They say history doesn’t rhyme but it does repeat. And looking at Bitcoin’s adoption cycle, it’s hard not to draw parallels with that of the very technology that houses it – the internet. In the late 1990s, the internet was transitioning from a niche technology to a global phenomenon. By 1997, just 120 million people were online – about 2% of the world population.
By 2021 Bitcoin had amassed a comparable user base in just over a decade. Did this mean it was poised to experience the same exponential adoption curve that the internet underwent in the early aughts? While several observers drew analogies between Bitcoin and the early internet, credit with connecting the dots – and suggesting where they might lead next – goes to analyst Willy Woo.

The Evolution of Early Tech
While it was clear to those who discovered them in the early days that both the internet and Bitcoin were transformative tech, they weren’t especially easy to use. Their complexity, resulting in a suboptimal user experience, proved a significant barrier to adoption. In 1997, for instance, internet access was predominantly via dial-up modem over telephone lines, with connection speeds no faster than 56 kbps, while websites were mostly static HTML pages.
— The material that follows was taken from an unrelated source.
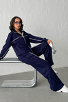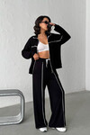 Bordo Yumuşak Dokulu Biyeli Palazzo Pantolon Ve Fermuarlı Sweatshirt Takım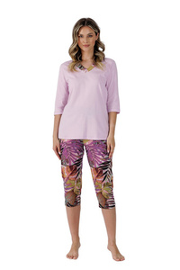 Glamour Piżama Damska długi rękaw i długie spodnie Italian Fashion - różowy/druk

Nevertheless, by 1997 the internet had achieved a critical mass of users and a burst of innovation in terms of services, foreshadowing the exponential growth to come. It was still early days – the majority of the world had never been online – yet the trajectory was clearly upward. The dot-com boom was beginning and the transformative impact of the internet was becoming undeniable.
Bitcoin, meanwhile, launched in 2009 with no software wallet, no exchanges, and virtually no liquidity. All of these things improved over time – as did the speed and user experience of the internet – but this was to be an incremental, multi-year process as the core infrastructure was developed. By early 2021, Bitcoin had evolved from a cypherpunk experiment into a mainstream asset held by tens of millions but it was still a niche asset.
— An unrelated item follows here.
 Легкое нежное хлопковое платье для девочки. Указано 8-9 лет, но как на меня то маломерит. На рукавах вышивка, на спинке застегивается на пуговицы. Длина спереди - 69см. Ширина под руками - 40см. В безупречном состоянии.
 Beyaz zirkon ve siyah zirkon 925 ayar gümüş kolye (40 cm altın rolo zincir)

By Woo’s reckoning, Bitcoin in 2021 had about 135 million users, placing it in the same ballpark as the 120 million users the internet had in 1997. It had taken around a decade from the advent of the modern web for the internet to reach that number, while at the time of Woo’s comparison, Bitcoin had been around for 12 years.
Drawing patterns from the past is one thing of course. But could this backtested data be used to predict where Bitcoin would be headed next? Willy Woo gave it his best shot. According to his calculations, if Bitcoin’s user growth continued on the same trajectory, it would reach 1 billion users by 2025. As he pithily put it, “Internet 1997 = Bitcoin 2021; Internet 2005 = Bitcoin 2025.”

While the specific dates cited in the comparison don’t perfectly align, Woo’s thesis was broadly correct: Bitcoin’s number of holders and its price have both roughly quadrupled since his 2021 analysis. The early internet analogy remains valid.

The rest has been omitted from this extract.